[RAW DATA]

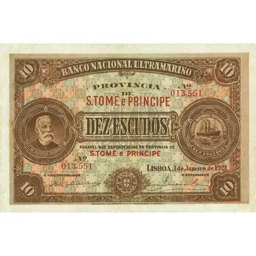 | Obverse lettering | BANCO NACIONAL ULTRAMARINO PROVINCIA DE S. TOMÉ e PRÍNCIPE DEZ ESCUDOS PAGAVEL NAS DEPENDENCIAS DA PROVINCIA DE S. TOMÉ e PRÍNCIPE LISBOA, 1 de Janeiro de 1921. BRADBURY, WILKINSON & & Co. Ld. GRAVADORES, LONDRES (Translation: National Bank Overseas Province of St. Thomas and Prince Ten Escudos Payable at the premises of the Province of St. Thomas and Prince Lisbon, January 1st, 1921. Bradbury, Wilkinson & Co. Ltd. Engravers, London) |
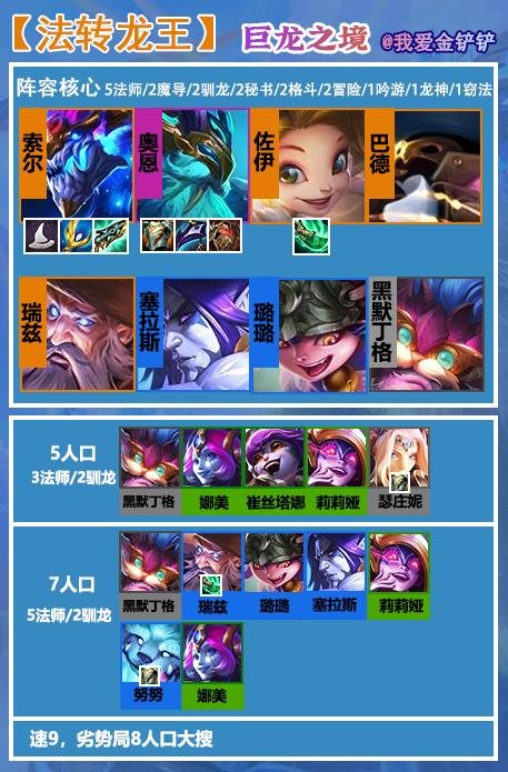 在金铲铲之战的游戏中,巨龙之巢版本即将来临,很多小伙伴还没有接触到不知道该玩什么阵容,下面小编就为大家推荐一个法转龙王阵容,希望大家成功吃鸡。 一、阵容组成 【阵容组成】 索尔、奥恩、佐伊、巴德、瑞兹、塞拉斯、璐璐、黑默丁格 【阵容羁绊】 5法师/2魔导/2驯龙/2秘书/2格斗/2冒险/1吟游/1 阅读全文...
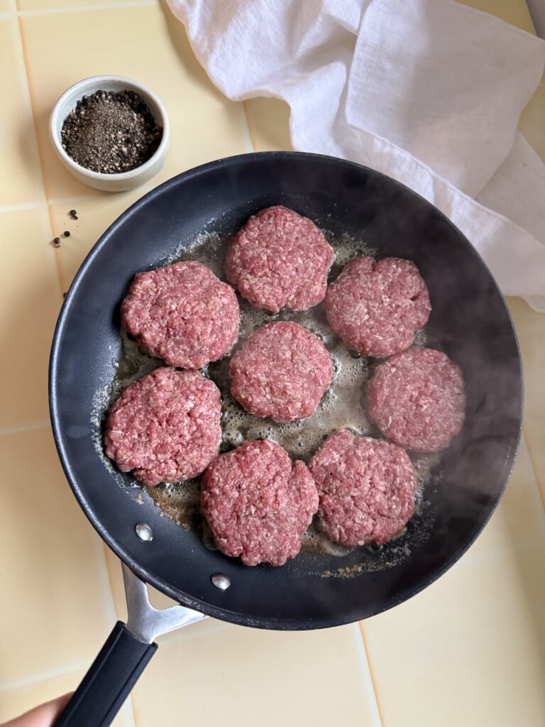 - Form kødet til 8 små hakkebøffer. Krydr med salt og peber
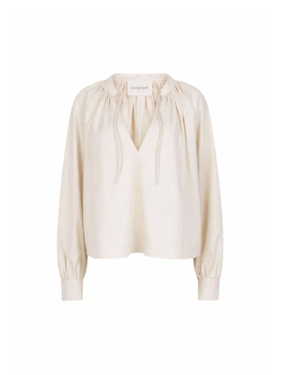 Mooie blouse van Love Stories! Een luchtige, crèmekleurige blouse met een losse pasvorm en een diepe V-hals met strikkoorden. De blouse heeft lange, volumineuze mouwen met strikjes bij de manchetten.

[/RAW DATA]

◆ WORK TO BE COMPLETED ◆
A word-for-word repeat of the lines from the line with "- Form kødet" to the last line of the data, both ends included and pictures left out, is all that should appear.

◆ EXERCISE ANSWER ◆
 - Form kødet til 8 små hakkebøffer. Krydr med salt og peber
 Mooie blouse van Love Stories! Een luchtige, crèmekleurige blouse met een losse pasvorm en een diepe V-hals met strikkoorden. De blouse heeft lange, volumineuze mouwen met strikjes bij de manchetten.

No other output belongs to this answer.